◆ TASK TO CARRY OUT ◆
Copy exactly, from the beginning of the material below, every line up to and including the one holding "Green suspender dress, elegant", with the pictures left out.

◆ DATA FOR THIS EXERCISE ◆
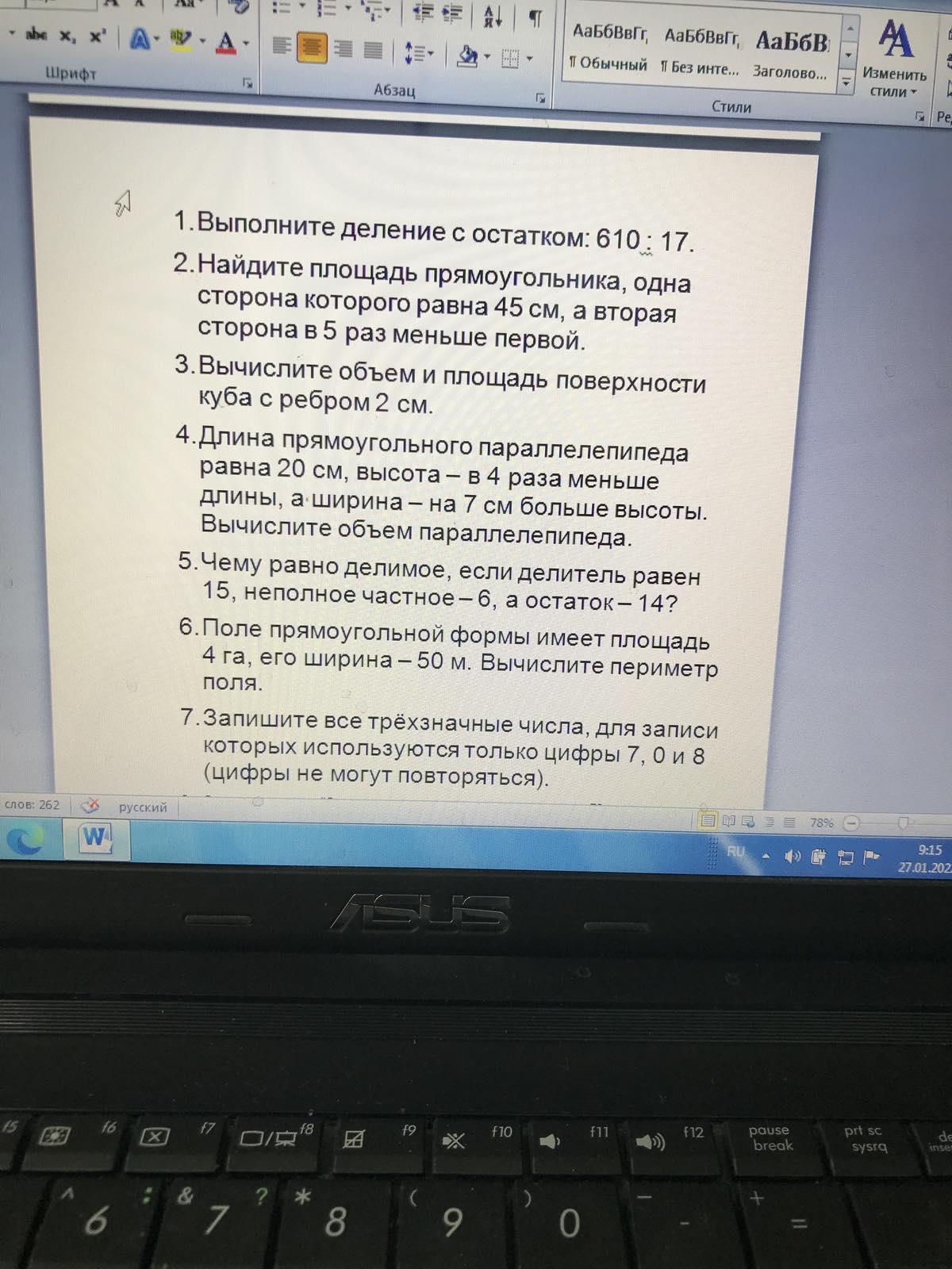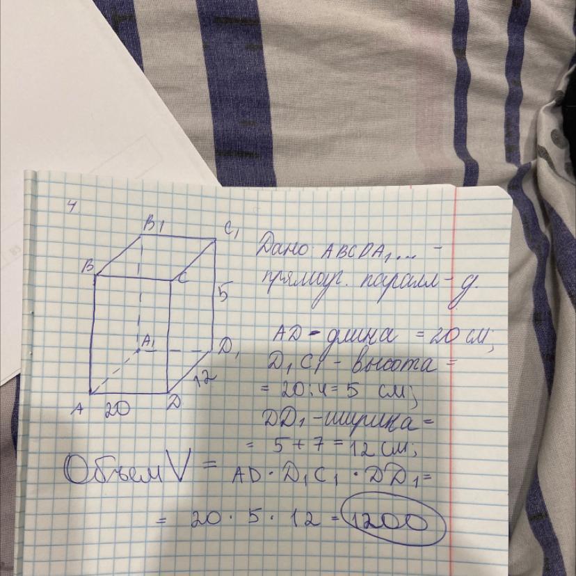 Длина уже известна - 20 см. Высота в 4 раза меньше, то есть 20/4=5. Высота равна 5 сантиметрам, а ширина 5+7=12 сантиметров. Нам известны:
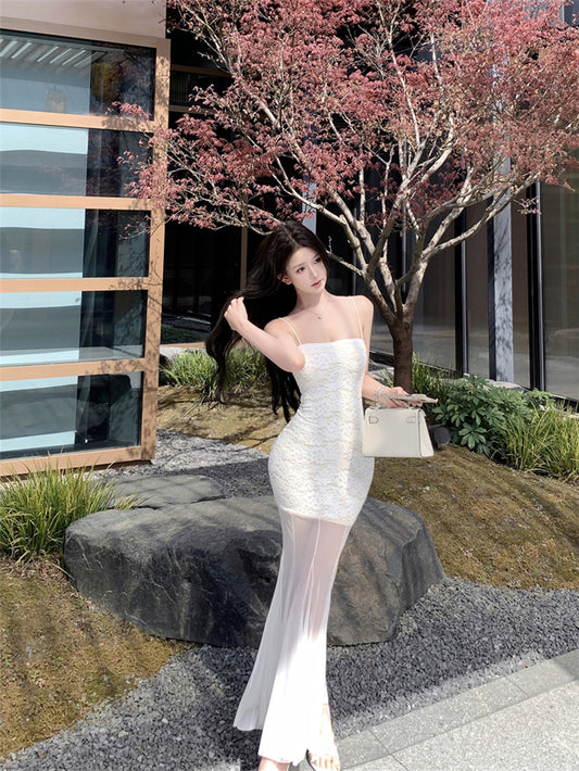 Green suspender dress, elegant waist, slim fit, hip skirt R0535
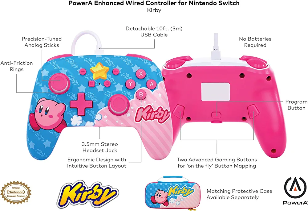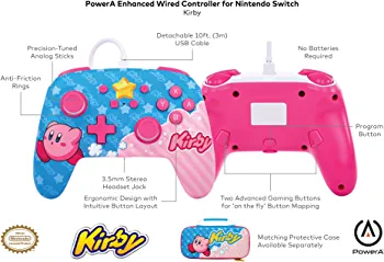 | descriptionOriginal | PowerA Enhanced Wired Controller for Nintendo Switch – Kirby Officially licensed by Nintendo, the PowerA Enhanced Wired Controller for Nintendo Switch combines beauty and performance. Each controller includes world-class art, along with awesome gaming features. Program two mappable Advanced Gaming Buttons on-the-fly, plug in your headset for stereo sound, and enjoy smooth thumbstick control thanks to a pair of embedded anti-friction rings. Includes a 10ft (3m) USB cable, plus PowerA backs all products for 2-years to reinforce quality commitment. Key Features: Get an edge over the competition with mappable Advanced Gaming Buttons you can program on-the-fly, mid-game—no system settings to configure. *For use only while Switch is docked. Does not support HD rumble, IR, motion controls or amiibo NFC. Not for use with Joy-Con only games. Celebrate the world’s favorite puffball with a powerful Kirby design Feature-Packed The PowerA Enhanced Wired Controller for Nintendo Switch is filled to the brim with the features you need most, including anti-friction rings for smooth thumbstick control, a 3.5mm stereo audio jack and a Screenshot Button. Wired Control No batteries? No problem. The PowerA Enhanced Wired controller for Nintendo Switch includes a 10-foot cable, giving you plenty of space to get to your favorite spot in the room and play for hours. Hours of Gaming Designed and engineered to the highest standards, PowerA deliver performance you can count on for hours of action-packed gaming. Superior Comfort Game for hours with a controller that feels great in your hands, thanks to cutting-edge ergonomics and top-of-the-line materials. PowerA Quality All of our products must meet the high standards that PowerA has always been known to have. From controllers to cases, the PowerA name is synonymous with quality, functionality and durability. Officially Licensed Officially licensed by Nintendo. PowerA products have gone through Nintendo’s rigorous testing and evaluation processes to ensure compatibility with the Nintendo Switch. |
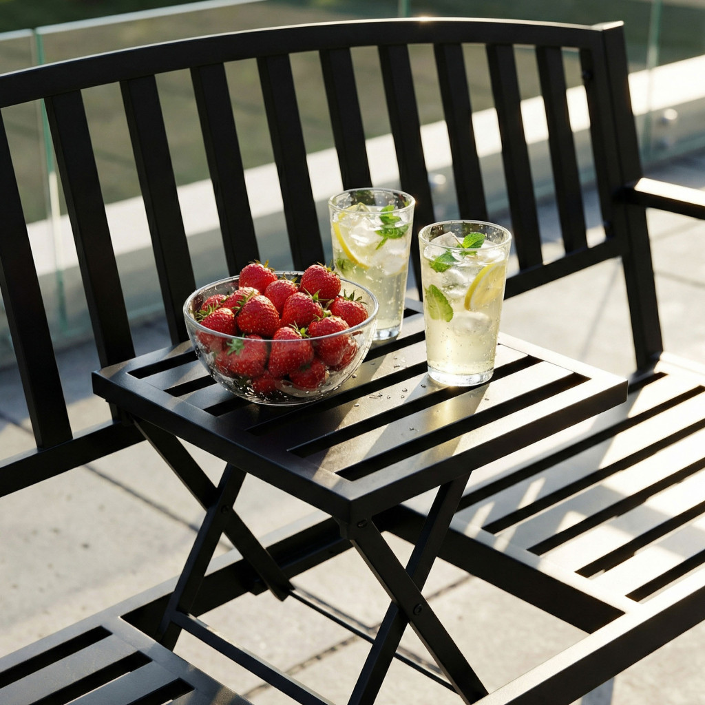 A DUO kerti pad egyedülálló módon ötvözi a modern designt a praktikus funkcionalitással. A pad közepébe integrált, kihajtható asztal lehetővé teszi, hogy kényelmesen elhelyezze italait, snackjeit vagy akár egy jó könyvet anélkül, hogy külön bútordarabra lenne szüksége. Az elegáns fekete fém konstrukció nemcsak időtálló megjelenést kölcsönöz, hanem kiváló időjárásállóságot is garantál.
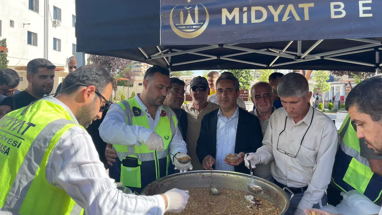 Midyat Belediyesi tarafından düzenlenen etkinlik kapsamında, Recep Tayyip Erdoğan Parkı, Kuyumcular Çarşısı ve Millet Bahçesi önünde kurulan stantlarda vatandaşlara aşure dağıtıldı.
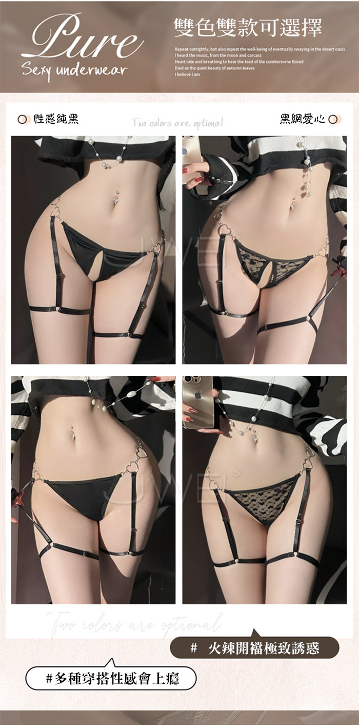 極夜誘惑.愛心鏈條綴腰吊帶低腰開襠褲【黑網愛心】
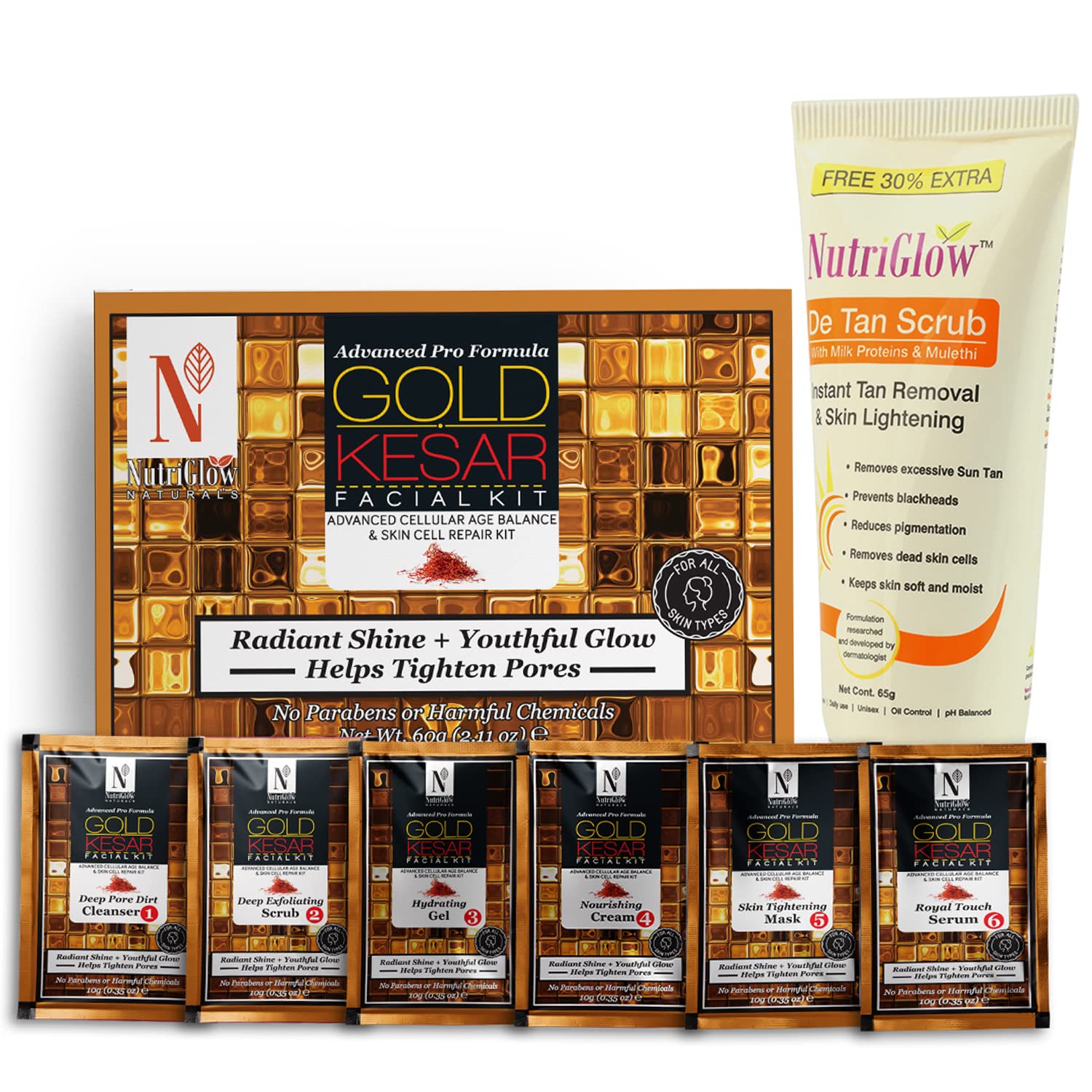 HomeBeautyFace CareFacial KitsNutriGlow NATURAL'S Advanced Pro Formula Gold Kesar Facial Kit (60gm) and De Tan Scrub (65gm) for Instant Tan Removal & Skin Lightening Pack of 2

◆ RESPONSE TO THE TASK ◆
 Длина уже известна - 20 см. Высота в 4 раза меньше, то есть 20/4=5. Высота равна 5 сантиметрам, а ширина 5+7=12 сантиметров. Нам известны:
 Green suspender dress, elegant waist, slim fit, hip skirt R0535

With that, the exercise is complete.